Work instructions: Transcribe only the part of the material below that begins at the line containing "學校有參加「幼稚園教育計劃」,以下列出扣減政府資助后不同班別的全年學費和期數。" and ends at the line containing "Near dawn, numerous", with both kept and images left out.
------ Dataset records ------
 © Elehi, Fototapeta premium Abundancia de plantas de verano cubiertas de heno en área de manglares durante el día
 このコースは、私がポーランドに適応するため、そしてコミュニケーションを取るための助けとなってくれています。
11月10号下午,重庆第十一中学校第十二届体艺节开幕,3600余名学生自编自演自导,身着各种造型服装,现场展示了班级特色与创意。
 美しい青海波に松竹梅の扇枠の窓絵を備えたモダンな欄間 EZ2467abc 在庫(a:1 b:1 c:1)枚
------
------ Dataset records ------
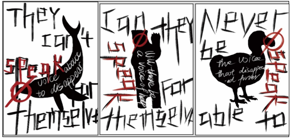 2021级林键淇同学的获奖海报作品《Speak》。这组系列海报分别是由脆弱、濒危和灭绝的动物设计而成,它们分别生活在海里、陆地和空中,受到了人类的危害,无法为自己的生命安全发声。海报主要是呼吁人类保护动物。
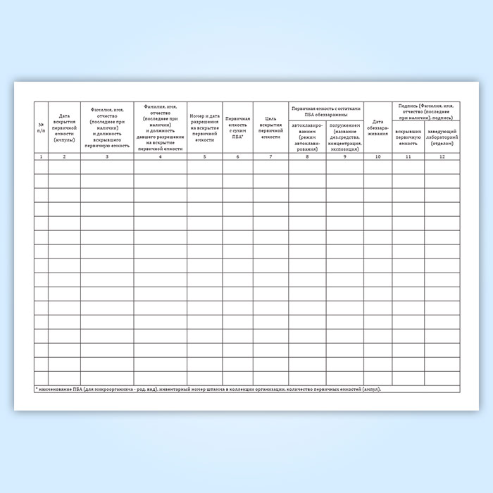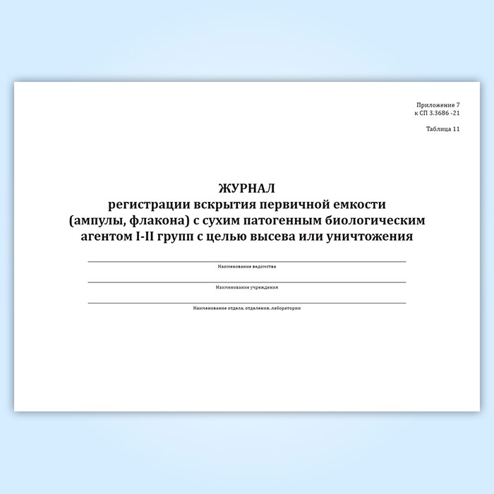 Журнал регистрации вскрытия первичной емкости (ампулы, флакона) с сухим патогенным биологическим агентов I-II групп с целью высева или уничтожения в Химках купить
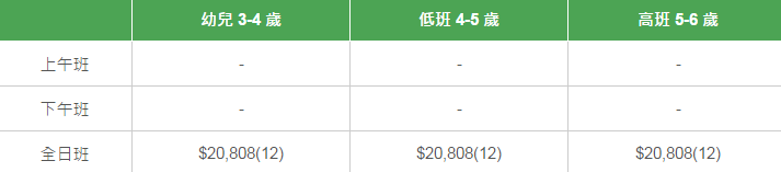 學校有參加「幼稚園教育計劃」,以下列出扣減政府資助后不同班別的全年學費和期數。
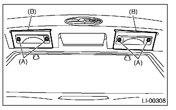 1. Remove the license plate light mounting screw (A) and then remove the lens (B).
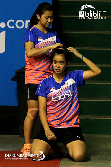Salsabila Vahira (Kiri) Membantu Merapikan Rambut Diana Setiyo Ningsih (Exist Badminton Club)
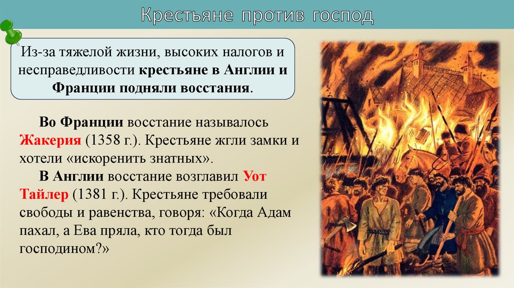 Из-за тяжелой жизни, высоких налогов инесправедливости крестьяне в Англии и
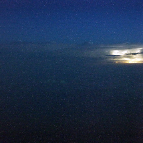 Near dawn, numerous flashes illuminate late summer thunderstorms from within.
------
Task response:
 學校有參加「幼稚園教育計劃」,以下列出扣減政府資助后不同班別的全年學費和期數。
 1. Remove the license plate light mounting screw (A) and then remove the lens (B).
Salsabila Vahira (Kiri) Membantu Merapikan Rambut Diana Setiyo Ningsih (Exist Badminton Club)
 Из-за тяжелой жизни, высоких налогов инесправедливости крестьяне в Англии и
 Near dawn, numerous flashes illuminate late summer thunderstorms from within.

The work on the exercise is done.